Audio News for April 8, 2008

by | Apr 8, 2008 | Audio News | 0 comments

Survey of  Use of Computer Audio – The Consumer Electronics Association (CEA) conducted a Computer-Sourced Audio Consumption Study last year.  They found about 35% of computer audio consumers are now viewing movies and TV on their PCs and Macs an average of over 7 hours a week, and 77% are listening to music for about 9 hours a week on their computers. The study found that the majority of such computer audio listeners use external speakers, but few of them are high quality audiophile speaker systems and only 9% of the external speaker users have a surround configuration of four or more separate speakers.  Though an increasing number of people are beginning to enjoy movies, TV and music via their computers, most of them don’t want to set up a traditional 5.1 speaker system for surround sound. Therefore the various pseudo-surround software and hardware solutions are gaining favor, to create phantom speaker locations around the room from a basic 2.0 or 2.1 speaker system. And as media extenders such as AppleTV improve and come down in cost, it will become easier to extend both video and surround audio wirelessly from a computer anywhere in the house to one’s higher-quality home AV system.

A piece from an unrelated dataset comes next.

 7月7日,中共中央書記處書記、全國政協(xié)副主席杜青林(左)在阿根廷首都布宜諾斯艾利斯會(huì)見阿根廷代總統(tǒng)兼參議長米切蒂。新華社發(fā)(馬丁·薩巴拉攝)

UPnP – What Is It? – Universal Plug ‘n Play (UPnP) is an electronic architecture which offers peer-to-peer network connectivity of computers, intelligent appliances and wireless devices.  It is a distributed, open networking architecture leveraging PCT/IP and the  Internet to enable seamless proximity networking and control and data transfer among networked devices wherever they are. Nearly 900 vendors are now members of the UPnP Forum, including industry leaders in computing, printing, networking, consumer electronics, home appliances, automation, control, security and mobile products.  Their intent is provide the public easily-connected devices and to simplify the implementation of networked devices, to allow devices to connect up seamlessly, and to develop an overall system which supports these UPnP devices.

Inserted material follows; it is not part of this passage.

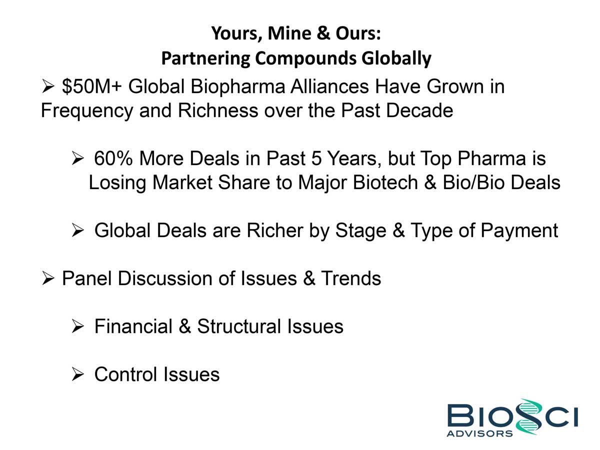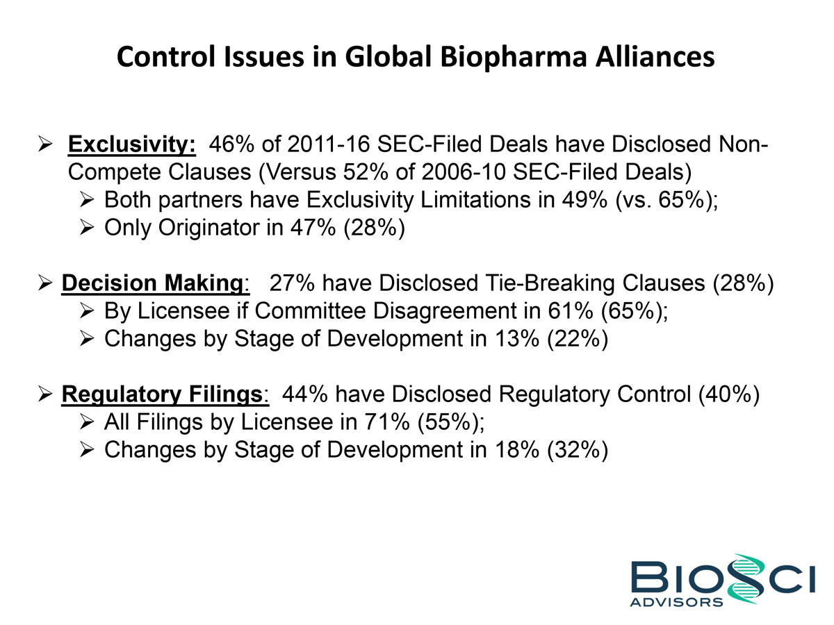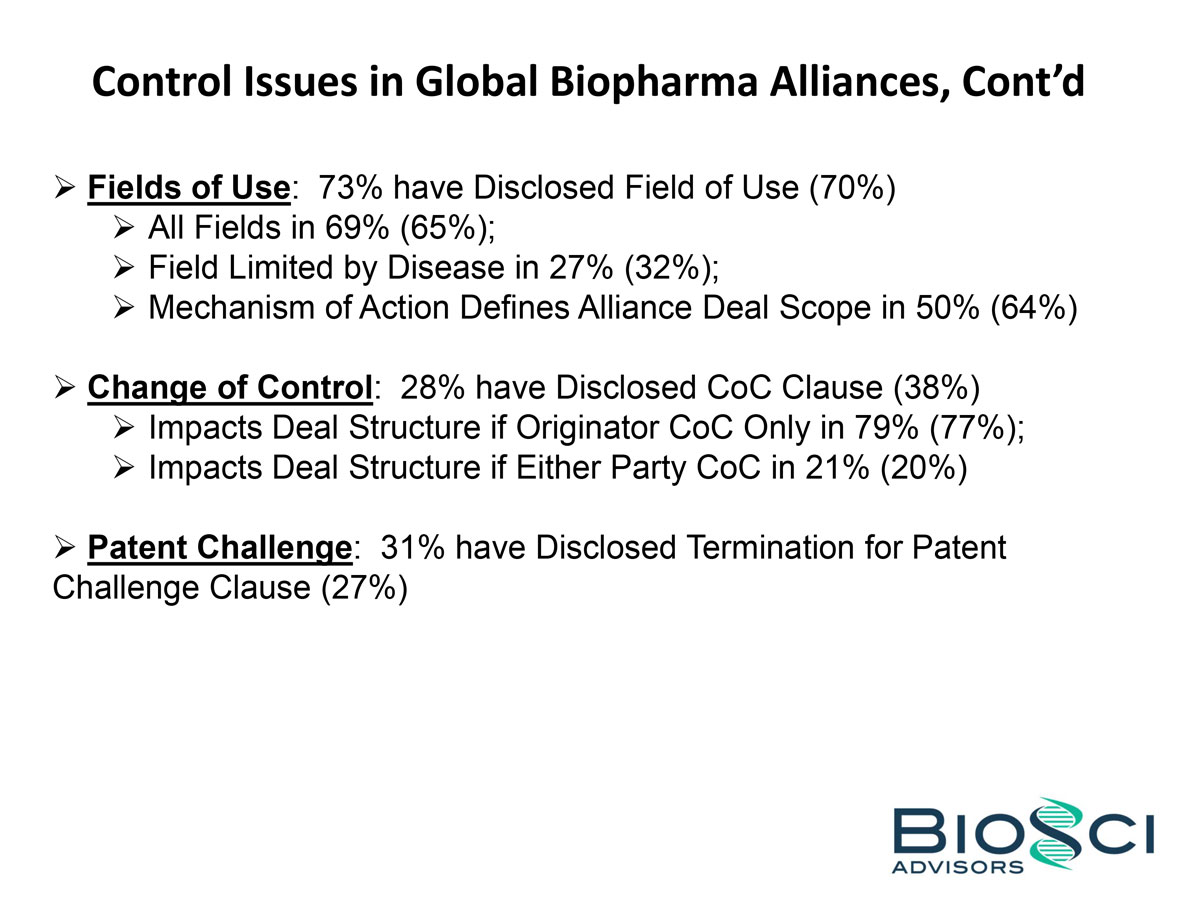 This analysis has shown recent global biopharma alliances have grown in frequency and changed in structure over the past 5+ years. Commitment to co-development has declined, while optionality has increased. Control provisions continue largely to favor licensees over originators.

Some of the benefits of UPnP technology are that it can run on any network setup: Wi-Fi, Airport, phone line, powerline, Ethernet or 1394 Firewire. Any computer operating system or programming language can be used.  The vendor has control over the device user interface and interaction using the browser, and value-added services can be layered on top of the basic device by the individual manufacturers.  The goal of UPnP technology is to make the current connectivity morass affecting consumer electronics and convergence into a much more user-friendly environment.